Almost unnoticed amidst the credit-market turmoil in the housing-driven Anglo-Saxon economies was Japan's quiet slippage into ominous negative growth. Sharp downward revisions to second-quarter capital spending that appeared early in September resulted in a negative 1.2 percent annual growth rate for Japan's overall economy--somewhat shocking in view of the fact that the initial reports on the quarter had put the growth rate at above 2 percent.

Almost simultaneously, although not primarily driven by the weakness in the economy, Japanese prime minister Abe was forced to resign after a tenure of only twelve months. Meanwhile, Japan's deflation persisted with the core inflation rate (excluding food and energy) falling at a 0.5 percent year-over-year rate in July, marking a deceleration downward from the April drop of 0.2 percent. Against this negative economic background, Japan's stock market fell sharply, by more than 10 percent from July to mid-September, while Japan's currency appreciated as nervous carry trade investors brought money home to Japan. This remarkably negative set of economic and financial developments convinced the Bank of Japan, albeit reluctantly, to announce no increase in its official lending rate after its July 18 meeting.

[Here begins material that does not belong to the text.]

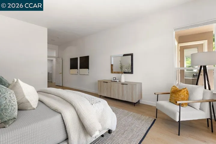 Welcome to this Eagle Ridge end-unit condo located in the lone building situated on a private cul-de-sac surrounded by a picturesque setting. The pathway to the home provides level-in access to the front door and the attached garage with interior access keeps you protected from the elements throughout the year. Step inside and enjoy over 2,000 square feet of modern Rossmoor living with high ceilings, stylish plank hardsurface flooring, and sleek, smooth front cabinetry in the Kitchen and both baths. The property has been reconfigured with a wall removed between the Dining Room and Living Room, making the space feel large and welcoming. A gas fireplace provides instance ambiance with a push of a button and built-in cabinetry allows the perfect place for displaying your treasures. Floor-to-ceiling bookshelves have been added in the Den, making the perfect home library or studio. Downsizing is not an issue with an enormous walk-in closet off the Primary Bathroom that has been all finished out with a custom storage solution system. Home chefs will appreciate the gas stove and the abundance of counter and cabinet space and rare walk-in pantry in this massive Kitchen.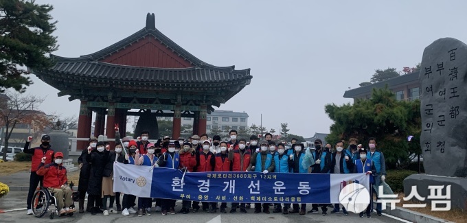 [부여=뉴스핌] 송호진 기자 = 국제로타리 3680지구 12지역은 7일 부여읍 일원에서 환경개선운동을 펼쳤다.

While Japan's economy has not been highly dynamic, it has contributed to global growth with year-over-year GDP increases averaging about 2.5 percent over the last several quarters. Clearly, a slowdown in Japanese growth would be less than helpful in the global economic environment. As in much of Asia, Japan's growth depends almost entirely on continued strong growth of exports to China as the domestic economy is virtually stagnant due to a fiscal drag of about 1 percent and weak wage growth. The sharp drop in Japanese capital spending is an ominous sign regarding the perceived outlook for continued rapid growth of exports. Export volume to the United States has slowed sharply while exports to China have continued strong.